Send back the line that contains "作為新零售創(chuàng)" and all lines following it through the end of the data below, exactly, omitting pictures.

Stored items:
********

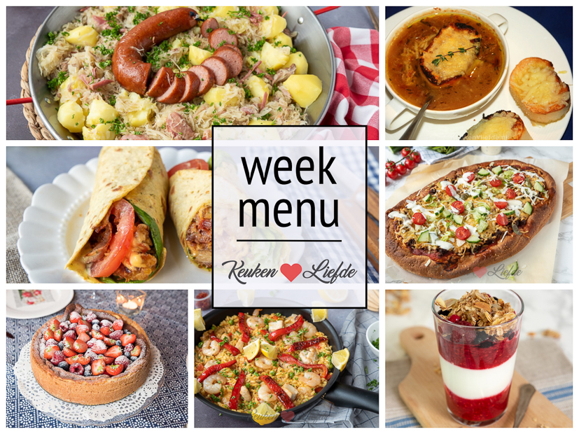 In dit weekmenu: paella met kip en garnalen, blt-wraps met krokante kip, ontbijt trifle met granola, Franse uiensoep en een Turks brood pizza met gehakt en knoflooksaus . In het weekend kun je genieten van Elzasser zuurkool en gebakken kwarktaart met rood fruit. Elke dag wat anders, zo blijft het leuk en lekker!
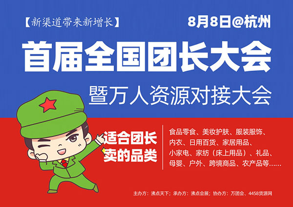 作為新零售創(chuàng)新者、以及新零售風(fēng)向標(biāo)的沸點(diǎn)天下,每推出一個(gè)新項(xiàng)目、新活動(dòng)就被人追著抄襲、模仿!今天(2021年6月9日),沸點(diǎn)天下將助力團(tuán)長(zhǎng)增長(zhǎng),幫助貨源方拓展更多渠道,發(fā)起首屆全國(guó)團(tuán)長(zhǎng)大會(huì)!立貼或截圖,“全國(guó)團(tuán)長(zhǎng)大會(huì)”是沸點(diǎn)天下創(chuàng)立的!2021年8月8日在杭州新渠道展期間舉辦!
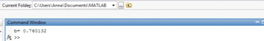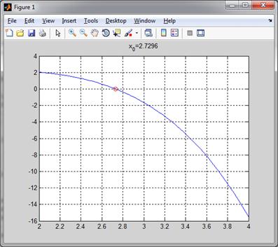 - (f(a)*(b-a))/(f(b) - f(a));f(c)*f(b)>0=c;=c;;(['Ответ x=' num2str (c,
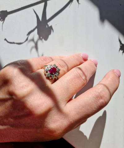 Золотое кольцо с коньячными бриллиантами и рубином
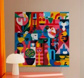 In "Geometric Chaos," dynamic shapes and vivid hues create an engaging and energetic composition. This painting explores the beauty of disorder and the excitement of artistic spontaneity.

********

◆ **WRITTEN RESPONSE**:
 作為新零售創(chuàng)新者、以及新零售風(fēng)向標(biāo)的沸點(diǎn)天下,每推出一個(gè)新項(xiàng)目、新活動(dòng)就被人追著抄襲、模仿!今天(2021年6月9日),沸點(diǎn)天下將助力團(tuán)長(zhǎng)增長(zhǎng),幫助貨源方拓展更多渠道,發(fā)起首屆全國(guó)團(tuán)長(zhǎng)大會(huì)!立貼或截圖,“全國(guó)團(tuán)長(zhǎng)大會(huì)”是沸點(diǎn)天下創(chuàng)立的!2021年8月8日在杭州新渠道展期間舉辦!
 - (f(a)*(b-a))/(f(b) - f(a));f(c)*f(b)>0=c;=c;;(['Ответ x=' num2str (c,
 Золотое кольцо с коньячными бриллиантами и рубином
 In "Geometric Chaos," dynamic shapes and vivid hues create an engaging and energetic composition. This painting explores the beauty of disorder and the excitement of artistic spontaneity.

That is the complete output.